Objective: The major purpose of this study was to document the modes of presentation, diagnostic methods, clinical management, and outcome of gastric cancer as reported by tumor registries of US hospitals and cancer programs approved by the American College of Surgeons.
Summary background data: Gastric cancer continues to diminish in the US, but the stage of disease and survival outcome after surgical resection is unchanged despite increased availability and sophistication of diagnostic techniques. This is in contrast to the marked improvement in survival outcome in Japanese and other Eastern series over the last decades. Possible reasons for the improved Japanese results have been earlier detection secondary to active diagnostic surveillance of the population and widespread adoption of aggressive surgical resection emphasizing wide-field node (R2) dissection. Although selected US centers using the Japanese approach report better survival data, the approach has not been widely adapted by US treatment centers.

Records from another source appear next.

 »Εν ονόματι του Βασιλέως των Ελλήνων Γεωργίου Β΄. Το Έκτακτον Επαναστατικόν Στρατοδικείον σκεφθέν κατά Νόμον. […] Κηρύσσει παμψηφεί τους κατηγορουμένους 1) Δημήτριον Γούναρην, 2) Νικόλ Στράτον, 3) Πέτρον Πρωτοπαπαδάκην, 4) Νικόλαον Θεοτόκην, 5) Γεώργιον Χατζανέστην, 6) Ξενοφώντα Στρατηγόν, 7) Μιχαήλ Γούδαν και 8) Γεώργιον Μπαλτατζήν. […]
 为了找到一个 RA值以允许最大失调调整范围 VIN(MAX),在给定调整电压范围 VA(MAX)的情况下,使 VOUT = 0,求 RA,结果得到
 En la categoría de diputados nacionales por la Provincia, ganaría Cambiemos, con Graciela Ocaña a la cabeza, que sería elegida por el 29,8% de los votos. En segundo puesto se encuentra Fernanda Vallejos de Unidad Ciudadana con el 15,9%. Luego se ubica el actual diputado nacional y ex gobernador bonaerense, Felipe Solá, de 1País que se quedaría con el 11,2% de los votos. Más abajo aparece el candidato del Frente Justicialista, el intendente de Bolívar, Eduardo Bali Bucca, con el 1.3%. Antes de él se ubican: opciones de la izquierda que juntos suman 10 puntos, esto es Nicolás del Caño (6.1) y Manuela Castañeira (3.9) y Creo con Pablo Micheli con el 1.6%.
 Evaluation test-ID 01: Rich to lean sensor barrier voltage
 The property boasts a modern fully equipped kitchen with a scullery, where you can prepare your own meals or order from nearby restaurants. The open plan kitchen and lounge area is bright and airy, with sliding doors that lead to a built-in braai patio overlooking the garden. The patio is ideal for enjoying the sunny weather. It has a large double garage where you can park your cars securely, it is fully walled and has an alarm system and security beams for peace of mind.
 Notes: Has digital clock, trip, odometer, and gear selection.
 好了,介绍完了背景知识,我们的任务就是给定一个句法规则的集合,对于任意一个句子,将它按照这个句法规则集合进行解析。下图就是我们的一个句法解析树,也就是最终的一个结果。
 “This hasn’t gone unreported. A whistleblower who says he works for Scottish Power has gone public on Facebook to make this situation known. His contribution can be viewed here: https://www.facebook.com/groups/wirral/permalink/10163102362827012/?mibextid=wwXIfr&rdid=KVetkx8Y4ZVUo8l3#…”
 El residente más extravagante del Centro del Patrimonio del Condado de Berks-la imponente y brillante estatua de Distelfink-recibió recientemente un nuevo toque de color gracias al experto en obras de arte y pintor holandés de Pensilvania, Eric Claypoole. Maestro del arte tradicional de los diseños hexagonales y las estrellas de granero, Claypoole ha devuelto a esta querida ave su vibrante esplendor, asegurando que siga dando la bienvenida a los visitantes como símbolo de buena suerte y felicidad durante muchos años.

Methods: Tumor registries at American College of Surgeons (ACS) approved hospitals were mailed a study protocol in 1987. They were instructed to review 25 consecutive patients with gastric cancer treated in 1982 (long-term study) and 25 patients treated in 1987 (short-term study). A detailed protocol included significant history, diagnostic results, staging, pathology findings, and treatment results. The data forms on 18,365 patients were returned and analyzed (11,264 patients in the long-term study and 7101 patients in the short-term study).
Results: Of 18,365 patients, 63% were males. The median ages were 68.4 years in males and 71.9 years in females. There was a history of gastric ulcer in 25.5% of the patients. Lesion location was upper third in 31%, middle third in 14%, distal third in 26%, and entire stomach in 10% of patients (and the site was unknown in 19%). Gastric resection was performed for 80% of upper third cancers and 85% of distal third cancers; 50% of patients with total gastric involvement had gastric resection. The extent of gastric resection varied according to location. For lower third lesions, subtotal gastrectomy was done in 55% of the cases, extended resection in 21%, and total gastrectomy in 6%. For proximal lesions, 29% had subtotal, 4.6% had total, and 41% had extended gastrectomies (including esophagus), and 13.6% had dissection of celiac nodes. The operative mortality rate was 7.2%. Staging (American Joint Committee on Cancer [AJCC]) was as follows: I, 17%; II, 17%; III, 36%; and IV, 31%. The overall survival rate reflecting deaths from all causes was 14% among 10,891 patients diagnosed in 1982, and it was 19% in patients having resection. The disease specific survival rate was 26%. The survival rate after resection was 19% and 21% for lower and mid third cancers, 10% for upper third cancers, and 4% if the entire stomach was involved. The stage-related survival rates were 50% (stage I), 29% (stage II), 13% (stage III), and 3% (stage IV). Among patients with pathologically clear margins, the survival rate was 35% versus 13% in those with microscopically involved margins, and it was 3% in those with grossly involved margins.
Conclusion: This report of gastric cancer treatment by American College of Surgeons approved institutions in the US provides an overview of the disease as commonly treated throughout the US. Although the results are less favorable than those reported by centers with large institutional experiences with this disease and are inferior to those of the Japanese and other Eastern centers, they suggest potential for increasing survival by upstaging through earlier diagnosis and using resectional techniques demonstrated to more adequately control local regional disease.